Dikutip dari INFOTREN.ID, durasi kerja yang melebihi standar normal tersebut menempatkan sebagian besar buruh dan karyawan dalam situasi yang rentan terhadap gangguan kesehatan. Beban fisik yang terus-menerus dituntut tanpa waktu istirahat yang cukup dapat memicu kelelahan kronis hingga penurunan daya tahan tubuh.

Dampak dari fenomena overwork ini tidak hanya berimbas pada kondisi fisik, melainkan juga berpotensi mengganggu stabilitas emosional dan meningkatkan risiko stres pada pekerja. Kurangnya waktu luang untuk beristirahat serta berkumpul bersama keluarga kerap kali mengurangi kualitas hidup tenaga kerja secara keseluruhan.

Secara umum, regulasi ketenagakerjaan menetapkan batas jam kerja ideal sekitar 40 jam dalam seminggu untuk menjaga keseimbangan antara kehidupan pribadi dan profesional. Namun, realita di lapangan menunjukkan masih banyak sektor industri yang menuntut durasi kerja jauh melampaui ambang batas aman tersebut.

Para pakar keselamatan dan kesehatan kerja mengimbau agar pihak perusahaan dapat meninjau kembali kebijakan durasi serta beban kerja karyawan. Pengaturan ulang pola kerja yang lebih fleksibel dan proporsional dinilai sangat penting demi mencegah terjadinya risiko penyakit serius akibat kelelahan berlebih.

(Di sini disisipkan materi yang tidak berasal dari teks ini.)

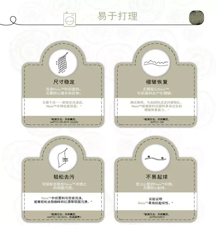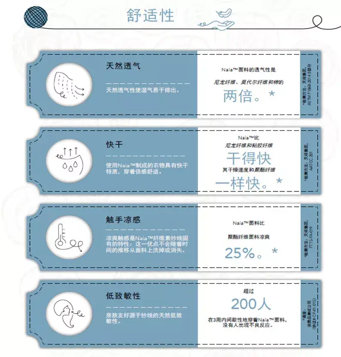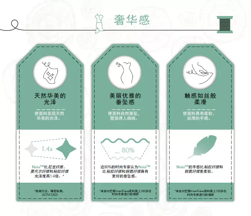 In terms of product life cycle, Naia™ fiber has a bio-based content of 59%, is biodegradable (has obtained freshwater degradability certification), and the life cycle assessment results certified by a third party comply with the ISO 14044 standard. , is an OEKO-TEX 100® Level 1 certified product and is included in the Higg Material Sustainability Index.

Langkah antisipasi dan kesadaran bersama dari pengusaha serta regulator diharapkan dapat menciptakan lingkungan kerja yang lebih sehat dan produktif di masa mendatang. Perlindungan terhadap kesejahteraan serta kesehatan pekerja menjadi kunci utama dalam menjaga keberlanjutan roda perekonomian nasional.